A agenda intensa de viagens foi interrompida depois que o candidato levou uma facada, em uma atividade de campanha em Juiz de Fora, quando estava em cima dos ombros de um apoiador, em 6 de setembro. Na época, o filho do candidato Flávio jogou uma frase de efeito: "Vocês acabaram de eleger o presidente, vai ser Bolsonaro."
Dos 45 dias de campanha no primeiro turno, o candidato ficou 23 dias internado, foi submetido a duas cirurgias e passou mais seis dias em casa, comunicando-se com os eleitores por transmissões pela internet. Na propaganda eleitoral, tinha apenas oito segundos.
Depois de receber 46% dos votos válidos no primeiro turno, manteve a estratégia de jogar parado e manteve-se recluso em sua casa na Barra da Tijuca, de onde saiu para trajetos curtos, de até 30 quilômetros. Foram três agendas em locais fechados e outras saídas apenas para gravar o programa eleitoral e entrevistas na casa do empresário Paulo Marinho, suplente de senador na chapa de Flávio Bolsonaro.

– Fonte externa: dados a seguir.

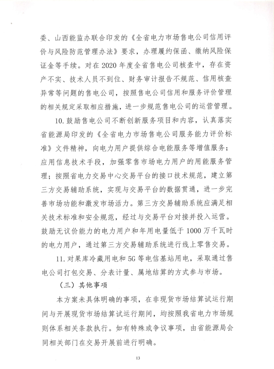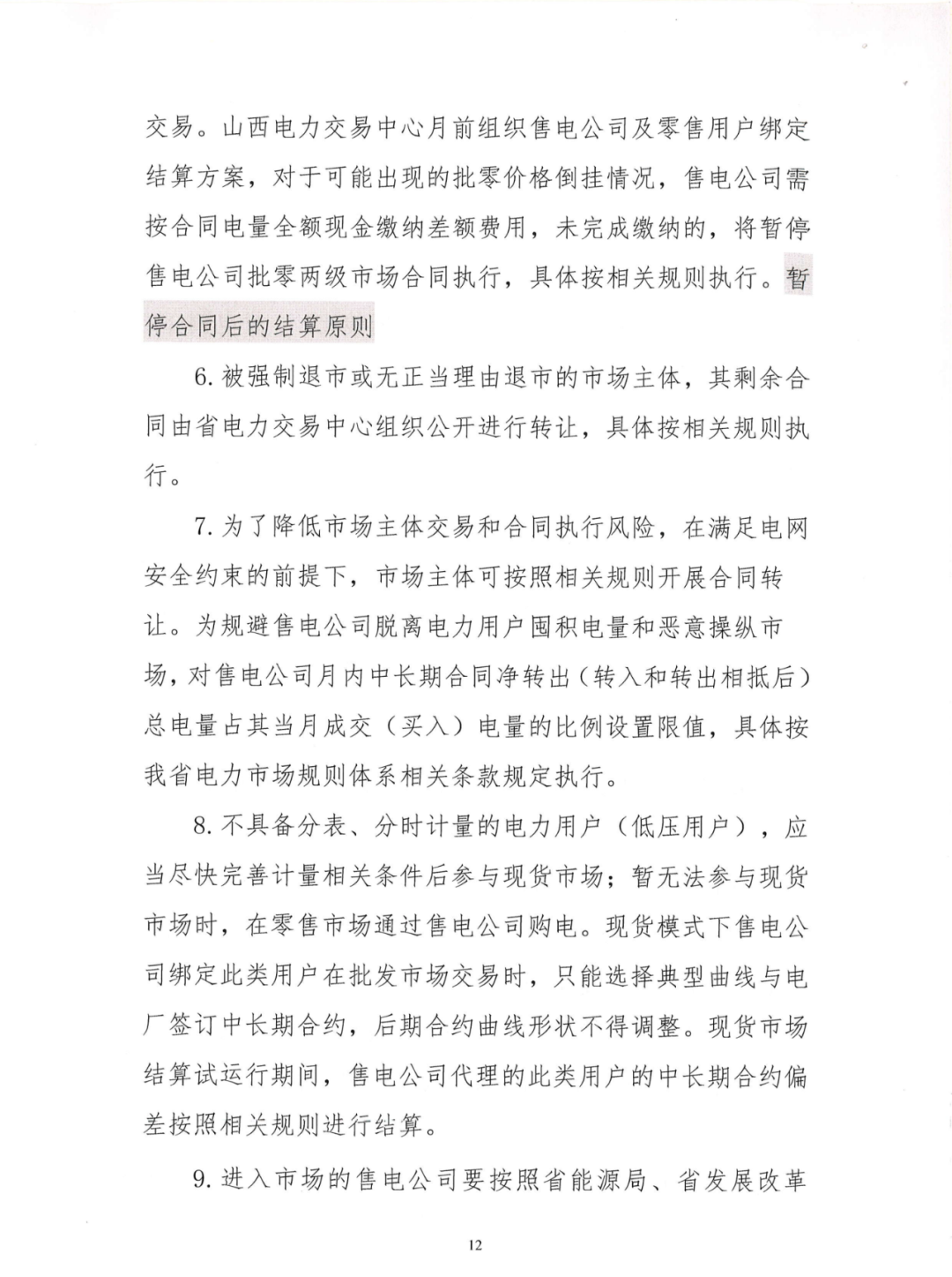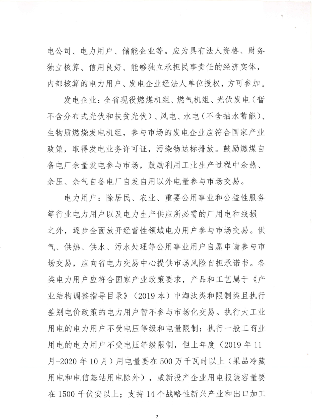 山西近期出臺(tái)《2021年山西省電力市場(chǎng)交易組織方案(征求意見(jiàn)稿)》。其中稱(chēng)為規(guī)避市場(chǎng)風(fēng)險(xiǎn)、推動(dòng)線上交易,普通交易暫不開(kāi)展年度交易、不采取雙邊交易方式。有人反映:取消雙邊交易對(duì)明年的市場(chǎng)影響非常大,售電公司可能面臨毀約的風(fēng)險(xiǎn)。 2021年山西省發(fā)電量調(diào)控目標(biāo)預(yù)安排為∶優(yōu)先發(fā)電量838億千瓦時(shí),市場(chǎng)化發(fā)電量1462億千瓦時(shí)(含自備機(jī)組發(fā)電量129億千瓦時(shí)),折算市場(chǎng)交易電量1300億千瓦時(shí)。 電力用戶(hù)∶除居民、農(nóng)業(yè)、重要公用事業(yè)和公益性服務(wù)等行業(yè)電力用戶(hù)以及電力生產(chǎn)供應(yīng)所必需的廠用電和線損之外,逐步全面放開(kāi)經(jīng)營(yíng)性領(lǐng)域電力用戶(hù)參與市場(chǎng)交易。供氣、供熱、供水、污水處理等公用事業(yè)用戶(hù)自愿申請(qǐng)參與市場(chǎng)交易,應(yīng)向省電力交易中心提供市場(chǎng)風(fēng)險(xiǎn)自擔(dān)承諾書(shū)。 執(zhí)行大工業(yè)用電的電力用戶(hù)不受電壓等級(jí)和電量限制;執(zhí)行一般工商業(yè)用電的電力用戶(hù)不受電壓等級(jí)限制,但上年度(2019年11 月-2020年10月)用電量要在500萬(wàn)千瓦時(shí)以上(果品冷藏用電和電信基站用電除外),或新投產(chǎn)企業(yè)用電報(bào)裝容量要在1500千伏安以上;支持14個(gè)戰(zhàn)略性新興產(chǎn)業(yè)和出口加工貿(mào)易類(lèi)企業(yè)、"煤改電"交易電量全電量參與市場(chǎng)交易,不受電壓等級(jí)和電量限制;支持增量配電網(wǎng)試點(diǎn)參與市場(chǎng)交易,擁有配電網(wǎng)運(yùn)營(yíng)權(quán)的售電公司、區(qū)域內(nèi)電力用戶(hù)以打包形式全電量參與市場(chǎng)交易,不受電壓等級(jí)和電量限制。 山西電力交易中心月前組織售電公司及零售用戶(hù)綁定結(jié)算方案,對(duì)于可能出現(xiàn)的批零價(jià)格倒掛情況,售電公司需按合同電量全額現(xiàn)金繳納差額費(fèi)用,未完成繳納的,將暫停售電公司批零兩級(jí)市場(chǎng)合同執(zhí)行,具體按相關(guān)規(guī)則執(zhí)行。暫停合同后的結(jié)算原則。 詳情如下:
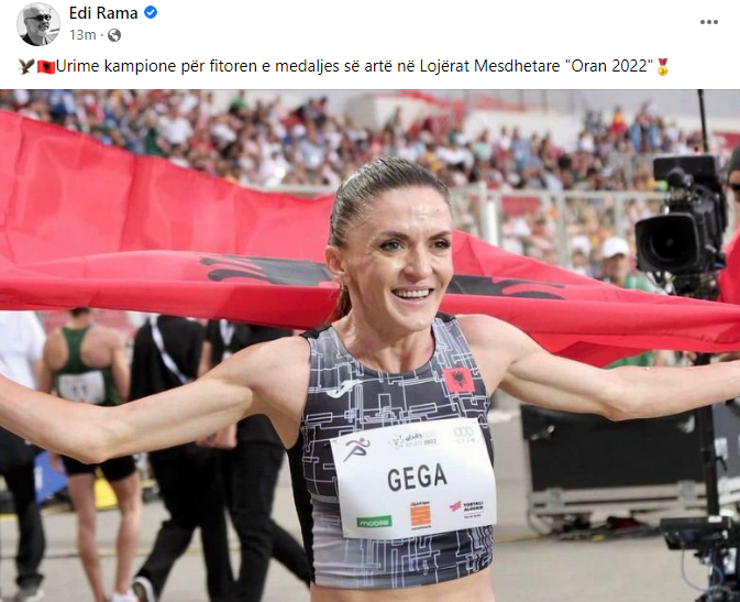 Kryeministri i Shqipërisë Edi Rama, ka uruar atletisten Luiza Gegan për fitoren e medaljes së artë në Lojrat Mesdhetare “Oran 2022”.
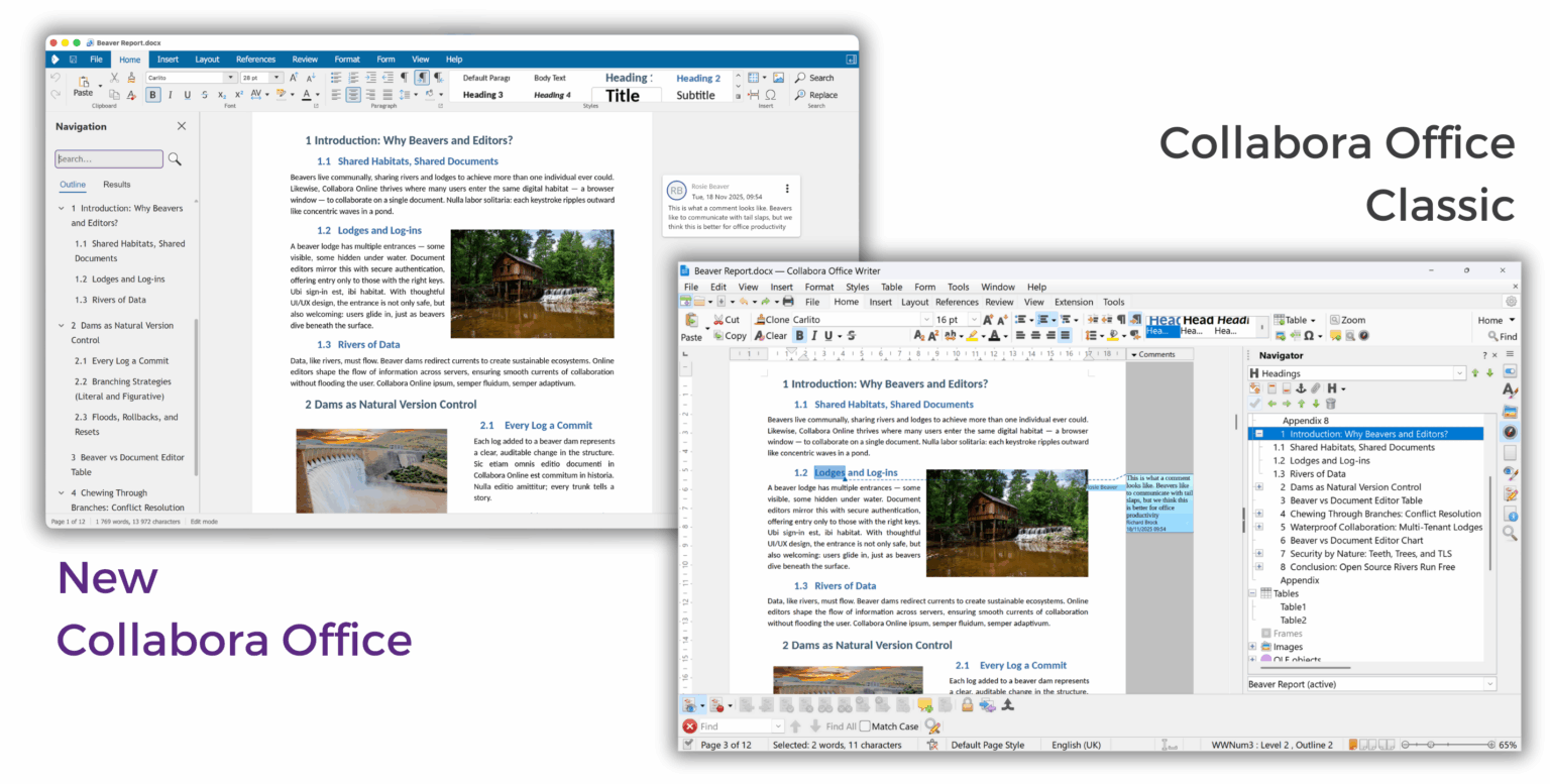 A Classic és az új Collabora Office közötti főbb különbségek áttekintése
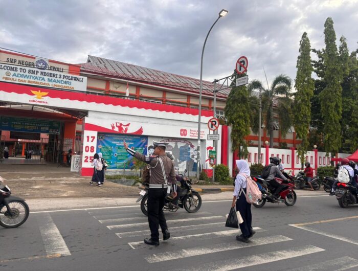 Personel Sat Lantas tampak aktif membantu penyeberangan warga, mengurai potensi kemacetan, serta memantau situasi jalan guna mencegah terjadinya gangguan kelancaran berlalu lintas.
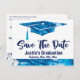 Elegant blue marble paint effect creates a striking graduation save the date card. Designed with grads in mind it includes a graduation hat or mortar board. Nice way to let your family and friends know to save the date for a gradation or graduation party.
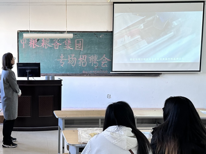為深入實施就業優先戰略,讓我院應屆生了解就業行情,明確就業的信心,充分發揮校園招聘主渠道作用。我院于2023年10月26日下午2點30分在延德樓330多媒體教室舉辦中糧糧谷集團專場招聘會。本次活動由中糧糧谷公司工作人員主講,我院部分20級應屆生參加此次活動。
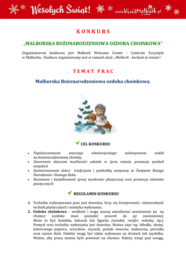 KONKURS „MALBORSKA BOŻONARODZENIOWA OZDOBA CHOINKOWA” Organizatorem konkursu jest Malbork Welcome Center - Centrum Turystyki w Malborku. Konkurs organizowany jest w ramach akcji: „Malbork - kocham to miasto”. TEMAT PRAC Malborska Bożonarodzeniowa ozdoba choinkowa. CEL KONKURSU: • • • • Popularyzowanie zwyczaju własnoręcznego wykonywania ozdób na bożonarodzeniową choinkę; Stworzenie dzieciom możliwości udziału w życiu miasta, promocja symboli miejskich Zainteresowanie dzieci tradycjami i symboliką związaną ze Świętami Bożego Narodzenia i Nowego Roku Rozwianie i kształtowanie żywej wyobraźni plastycznej oraz promocja talentów plastycznych REGULAMIN KONKURSU 1. Technika wykonywania prac jest dowolna, liczy się kreatywność, różnorodność technik plastycznych i estetyka wykonania. 2. Ozdoba choinkowa – wielkość i waga muszą umożliwiać zawieszenie jej na choince (ozdoba musi posiadać sznurek do jej zawieszenia). Może to być bombka, łańcuch lub figurka (aniołek, renifer, mikołaj, itp.). Pomysł oraz technika wykonania jest dowolna. Można użyć np. bibułki, słomy, kolorowego papieru, orzechów, szyszek, pestek owoców, makaronu, piernika oraz ziaren zbóż. Ozdoby mogą być także wykonane na drutach lub szydełku. Ważne, aby pracę można było powiesić na choince. Należy wziąć pod uwagę, 3. 4. 5. 6. 7. 8. 9. że ozdoba nie może być zbyt ciężka i że powinna być odporna na warunki atmosferyczne. Prace wykonane z elementów gotowych (np. figurki lub bombki kupione w sklepie) będą dyskwalifikowane. Ozdoba choinkowa powinna mieć przynajmniej jeden element związany z Malborkiem lub w całości nawiązywać do Malborka (kolory flagi miejskiej, użycie logo Malborka, maskotki miejskiej – Marianka, postaci związanych z miastem, zamkiem, itp.) Udział w konkursie może wziąć każdy - przedszkolak, uczeń lub osoba dorosła, która do dnia 2 grudnia 2013r. złoży własnoręcznie wykonaną pracę konkursową w siedzibie Malbork Welcome Center - Centrum Turystyki w Malborku, ul. T. Kościuszki 54. Termin nadsyłania lub dostarczenia prac: 2 grudnia 2013r. do godz. 16.00 Konkurs wyłoni zwycięzców w trzech kategoriach wiekowych: • dzieci w wieku przedszkolnym, • dzieci i młodzież w wieku szkolnym • młodzież w wieku ponadgimnazjalnym i dorośli. Każda praca musi mieć przymocowaną metryczkę zawierającą: imię i nazwisko, wiek autora, adres zamieszkania nr telefonu Każdy uczestnik może nadesłać lub przynieść na konkurs maksymalnie dwie ozdoby choinkowe. Prace niezgodne z regulaminem, nadesłane po terminie, zniszczone w wyniku niewłaściwego opakowania - nie będą oceniane. NAGRODY 10. Spośród prac zgłoszonych do konkursu, jury powołane przez Organizatora wyłoni zwycięzców w każdej kategorii wiekowej. 11. Jury powołane przez organizatorów przyzna nagrody, które wręczy Mikołaj w dniu 6 grudnia na Placu Miejskim w towarzystwie Burmistrza Miasta Malborka i przedstawiciela Malbork Welcome Center. Najpiękniejsze ozdoby zawisną na Choince Miejskiej oraz na budynku Malbork Welcome Center przy ulicy Kościuszki 54. 12. Ogłoszenie zwycięzców i wręczenie nagród odbędzie się w dniu 6 grudnia 2013r. podczas Mikołajek na Placu Miejskim (dokładna godzina zapisana będzie na plakatach dotyczących Mikołajek oraz na stronach internetowych miasta tuż przed imprezą). 13. Wyniki konkursu będą dostępne na stronie internetowej www.82-200.pl oraz na tablicy informacyjnej przy budynku Malbork Welcome Center. UWAGI 14. Każda zgłoszona praca staje się własnością organizatora konkursu. 15. Prace konkursowe oceni powołana przez Organizatora komisja. 16. Kryteria oceny: • samodzielność wykonania • nawiązanie do tradycji Świąt Bożego Narodzenia i Nowego Roku • staranność wykonania • ogólne wrażenie artystyczne Malbork Welcome Center - Centrum Turystyki w Malborku ul. Kościuszki 54, 82-200 Malbork tel. +48 55 647-14-30 - sekretariat fax +48 55 647-14-31 e-mail: [email protected] Centrum Informacji Turystycznej tel. +48 55 647-47-47 e-mail: [email protected]
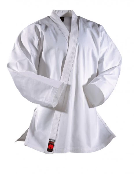 Mittelschwerer, traditioneller Karateanzug aus 100% Baumwolle in 9 oz. Ausführung. Über Jahre hinweg bewährtes Modell für Einsteiger und Fortgeschrittene. Sehr bequemer Schnitt sorgt für höchsten Tragekomfort. Hose mit Elastikbund. Lieferung erfolgt mit weißem Gürtel.

As declarações polêmicas, no entanto, não pararam de circular. No primeiro turno, críticas do vice Mourão a direitos trabalhistas como o 13 salário e às famílias com apenas mãe e avó que se tornaram "fábricas de desajustados" fizeram com que Bolsonaro enquadrasse seus apoiadores e os proibisse de falar. O economista Paulo Guedes também foi isolado depois de ter defendido a criação de um imposto nos moldes da CPMF.